THE DATA >>
============================================================
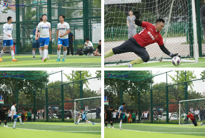 在對陣萊蕪區(qū)代表隊的三、四名決賽中,建設(shè)集團足球隊在先失一球的情況下,面臨比賽開局不順的形勢,以“不到最后一刻永不放棄”的體育精神奮起反擊,在比賽讀秒階段由張國瑞攻入絕平進球,將比賽拖入點球大戰(zhàn)。點球大戰(zhàn)中球隊眾志成城,守門員韓堃兩次撲出對方點球,最終以4:3的比分擊敗萊蕪區(qū)代表隊獲得本屆比賽季軍。
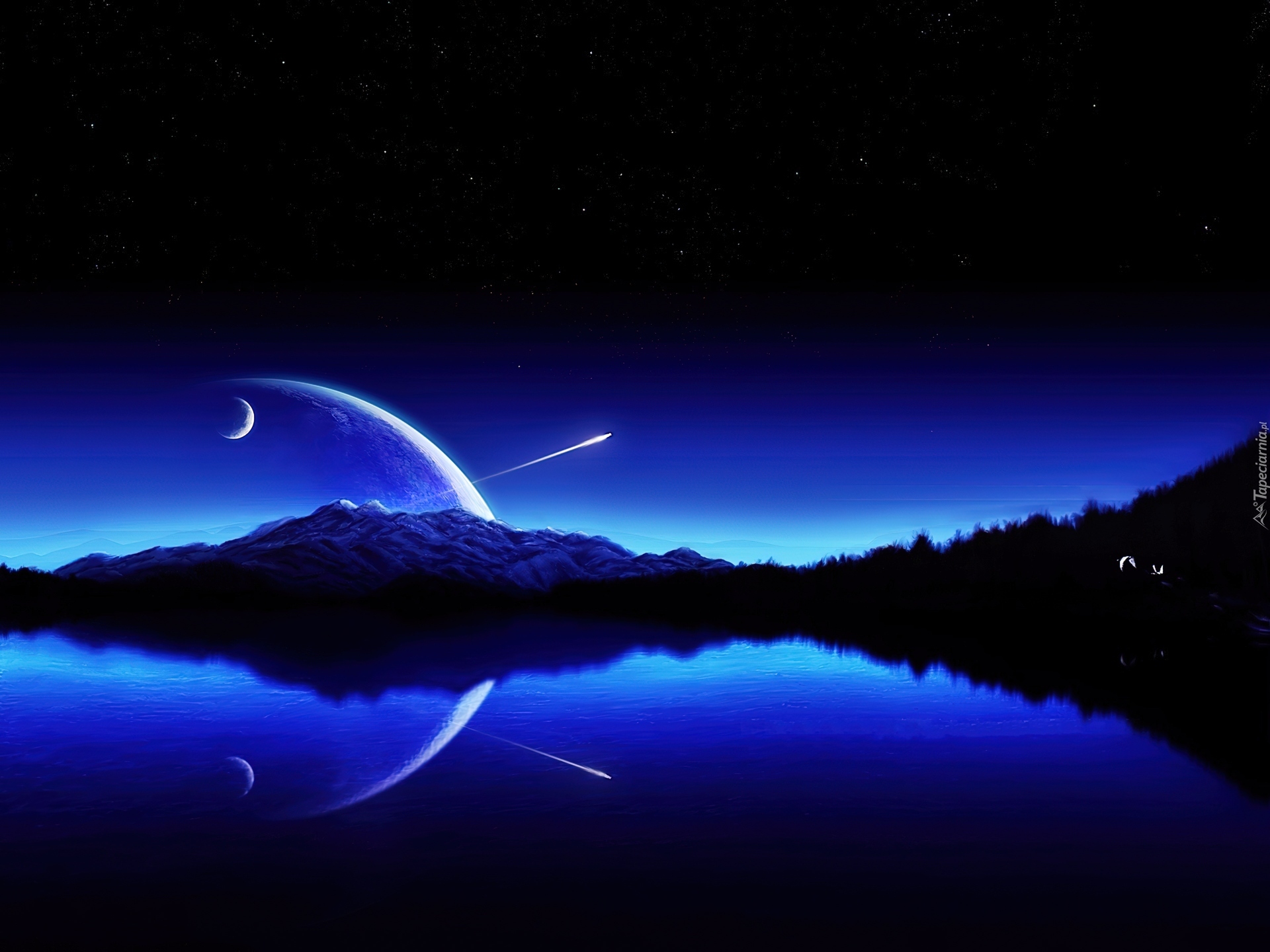 Edytor tapety: Niebo, Nocą, Księżyc, Jezioro
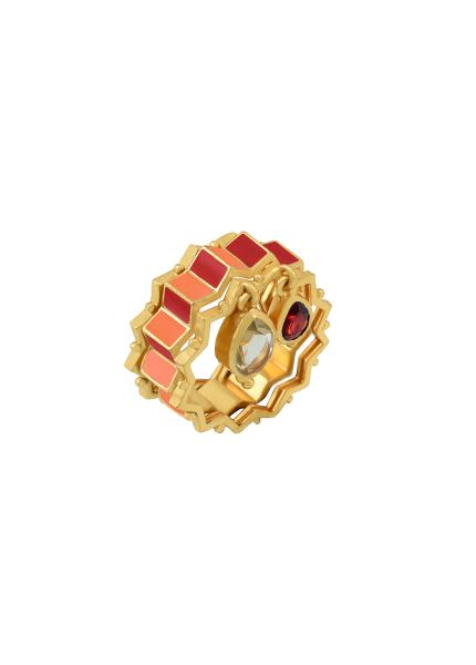 Composition: Gold plated alloy with colorful stones and enamelling. Fastening: Push back. All our jewellery is handcrafted and therefore variations may occur.
============================================================
EXERCISE DETAILS >> Write out, exactly, the lines of the material from the very first through the line containing "Edytor tapety: Niebo, Nocą, Księżyc, Jezioro", and leave out every picture.

ANSWER SECTION >>
 在對陣萊蕪區(qū)代表隊的三、四名決賽中,建設(shè)集團足球隊在先失一球的情況下,面臨比賽開局不順的形勢,以“不到最后一刻永不放棄”的體育精神奮起反擊,在比賽讀秒階段由張國瑞攻入絕平進球,將比賽拖入點球大戰(zhàn)。點球大戰(zhàn)中球隊眾志成城,守門員韓堃兩次撲出對方點球,最終以4:3的比分擊敗萊蕪區(qū)代表隊獲得本屆比賽季軍。
 Edytor tapety: Niebo, Nocą, Księżyc, Jezioro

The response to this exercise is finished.